Six children in blue collared shirts and khakis stand at the starting line of an asphalt track. Rodney Brown, the children’s mentor, paces the side, eyes and teeth glinting in the sun.

Brown yells, “Ready. Set!”

Three kids lunge forward.

“No sir, no sir, back behind the line,” Brown says. The kids disqualify themselves about three more times.

Brown sees himself in these Caliber: Beta Academy students, who are struggling to succeed. A Richmond native, he attended Kennedy High School. Caliber literally sits in the larger public school’s shadow. Sometimes, you even hear high school loudspeaker announcements from the Caliber campus.

Kennedy was where Brown cut hair for the first time, before spending 25 years as a barber, privy to peoples’ thoughts and conflicts. These days, he works for Peacemakers Inc., a small nonprofit that pairs mentors with students who have been flagged with behavioral or academic difficulties. He has been doing this work for three years.

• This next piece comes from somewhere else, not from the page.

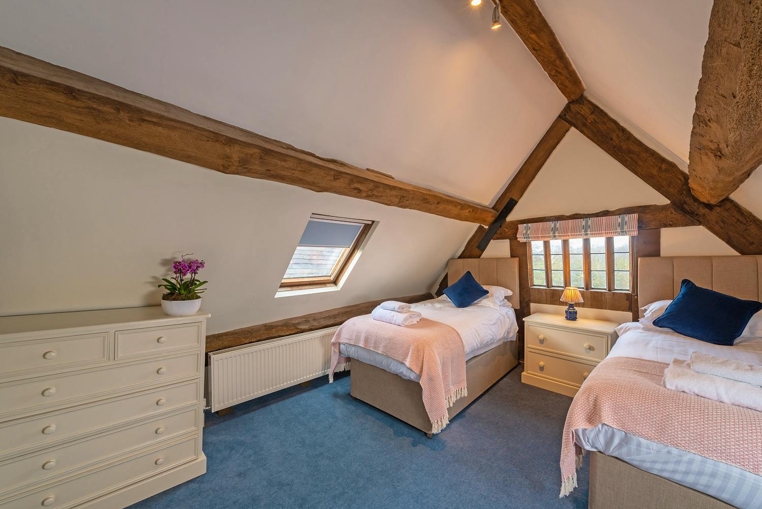 Luntley Court: Bedroom 5 is a twin room up on the top floor of the house -

“They deal with vicarious trauma. A lot of the time, these kids don’t know how to understand what it is that they’re dealing with,” Brown said, “and we give them a lot of sound advice. We do a lot of therapy with the kids to make them understand that they’re not alone.”

Brown emphasizes that he wouldn’t have been ready to do this work without a lot of introspection. He almost left Richmond for good after a harrowing experience years ago. Shortly after, he moved to Hawaii, where he “learned to see the beauty of the world again,” he says. You might just see that same wonder in his eyes now, or that might just be the morning sun.

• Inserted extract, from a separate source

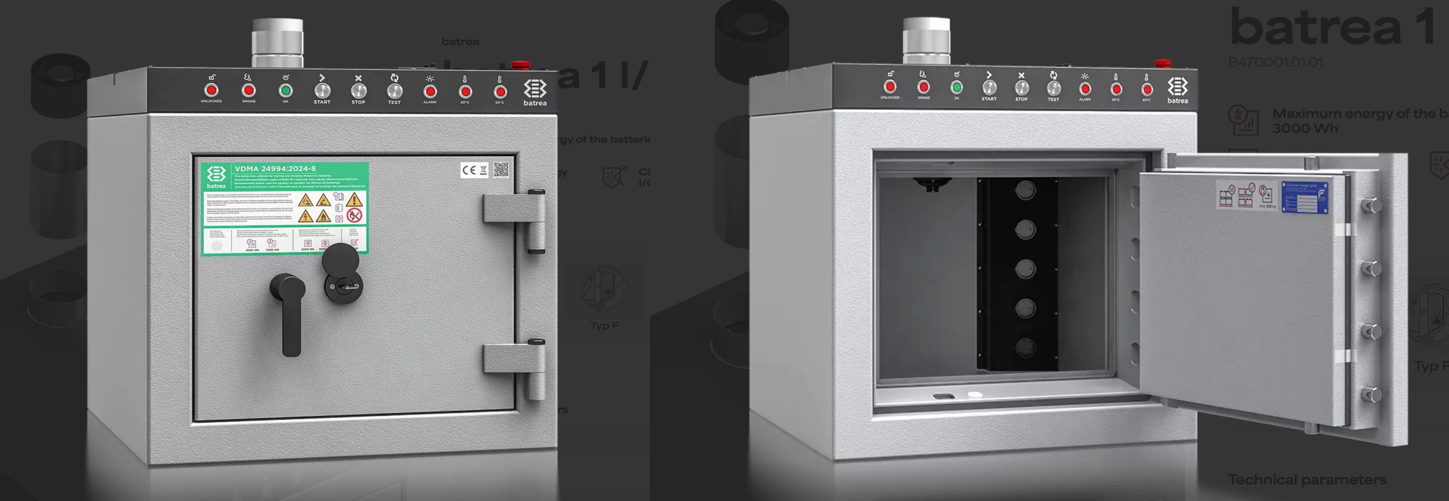 BATREA 鋰離子電池防火櫃可提供全面的防火、防爆與防煙保護。其堅固的鋼製結構、專用密封系統以及智慧型通風系統,即使在最嚴苛的情況下也能確保最高等級的安全性。

“I am like a ship, waves get choppy but I just roll with them,” says Brown, who is preternaturally calm with the children. He has fought hard for this peace, learning that nothing can change without patience.

Back on the track, the kids stop squirming and get behind the line.

“Go.”

Children Aim To Please

Brown starts every school day with his cohort of 11 “tier 3” students. They range in age from seven to 10. Every morning, he takes them around the school complex — two rows of neat brown bungalows that house single classrooms — to the long tracks. “I just burn them out,” he says. They love to compete with one another — and bicker about who is the fastest.

All along the way, he registers complaints and arbitrates arguments. He also chaperones field trips and does daily classroom check-ins. He tasks himself with understanding the unique emotional terrain these children navigate, and “redirecting” their reactions.

This cause is deeply personal for Brown, who has had to do a little redirecting himself. In early 2000, Brown was hospitalized for alcohol poisoning. He moved to Honolulu, Hawaii a year later. “I did a 3,650 day rehabilitation stint,” he said. “Not a detox assignment, but more spiritual.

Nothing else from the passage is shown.